Data provided >>
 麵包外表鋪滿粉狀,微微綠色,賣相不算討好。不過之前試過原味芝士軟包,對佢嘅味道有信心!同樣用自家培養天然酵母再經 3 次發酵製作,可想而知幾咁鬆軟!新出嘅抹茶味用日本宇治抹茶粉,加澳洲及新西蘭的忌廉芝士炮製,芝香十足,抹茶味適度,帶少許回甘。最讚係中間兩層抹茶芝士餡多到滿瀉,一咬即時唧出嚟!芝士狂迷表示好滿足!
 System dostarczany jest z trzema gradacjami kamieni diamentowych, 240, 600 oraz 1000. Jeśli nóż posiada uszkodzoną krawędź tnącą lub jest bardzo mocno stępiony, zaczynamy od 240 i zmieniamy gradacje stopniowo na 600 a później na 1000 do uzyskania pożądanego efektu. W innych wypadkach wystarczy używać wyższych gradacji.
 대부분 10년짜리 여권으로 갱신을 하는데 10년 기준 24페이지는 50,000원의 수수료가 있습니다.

==

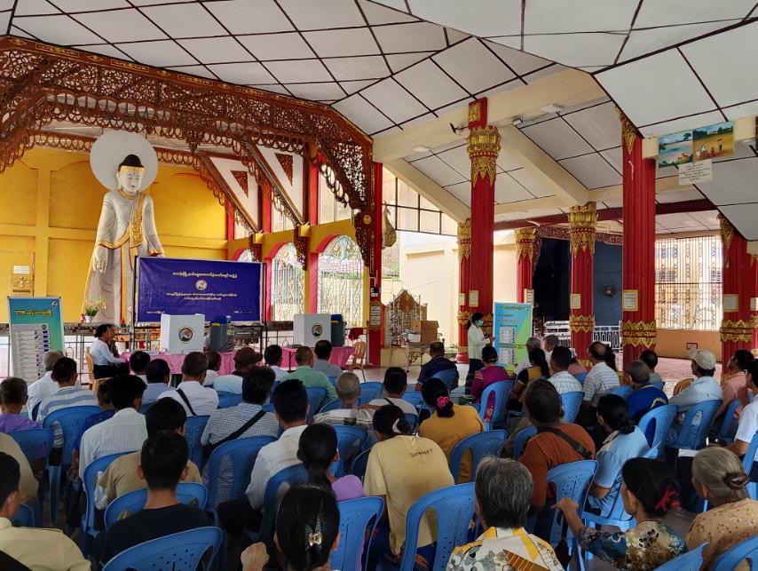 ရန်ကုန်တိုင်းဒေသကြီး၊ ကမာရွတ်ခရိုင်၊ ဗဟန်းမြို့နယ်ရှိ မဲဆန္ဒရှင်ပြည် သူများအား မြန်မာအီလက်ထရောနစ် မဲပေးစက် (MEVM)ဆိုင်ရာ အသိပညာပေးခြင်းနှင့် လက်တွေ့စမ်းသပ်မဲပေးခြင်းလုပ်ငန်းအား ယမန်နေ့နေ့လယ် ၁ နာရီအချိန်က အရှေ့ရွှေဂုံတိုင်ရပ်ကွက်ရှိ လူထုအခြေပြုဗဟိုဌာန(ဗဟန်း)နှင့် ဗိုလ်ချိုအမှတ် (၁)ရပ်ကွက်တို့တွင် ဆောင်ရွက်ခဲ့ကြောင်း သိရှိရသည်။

Problem >>
Among the records above, extract exactly the lines from the line with "System dostarczany jest" to the line with "대부분 10년짜리 여권으로", both lines included, and leave out the rest.

Answer area >>
 System dostarczany jest z trzema gradacjami kamieni diamentowych, 240, 600 oraz 1000. Jeśli nóż posiada uszkodzoną krawędź tnącą lub jest bardzo mocno stępiony, zaczynamy od 240 i zmieniamy gradacje stopniowo na 600 a później na 1000 do uzyskania pożądanego efektu. W innych wypadkach wystarczy używać wyższych gradacji.
 대부분 10년짜리 여권으로 갱신을 하는데 10년 기준 24페이지는 50,000원의 수수료가 있습니다.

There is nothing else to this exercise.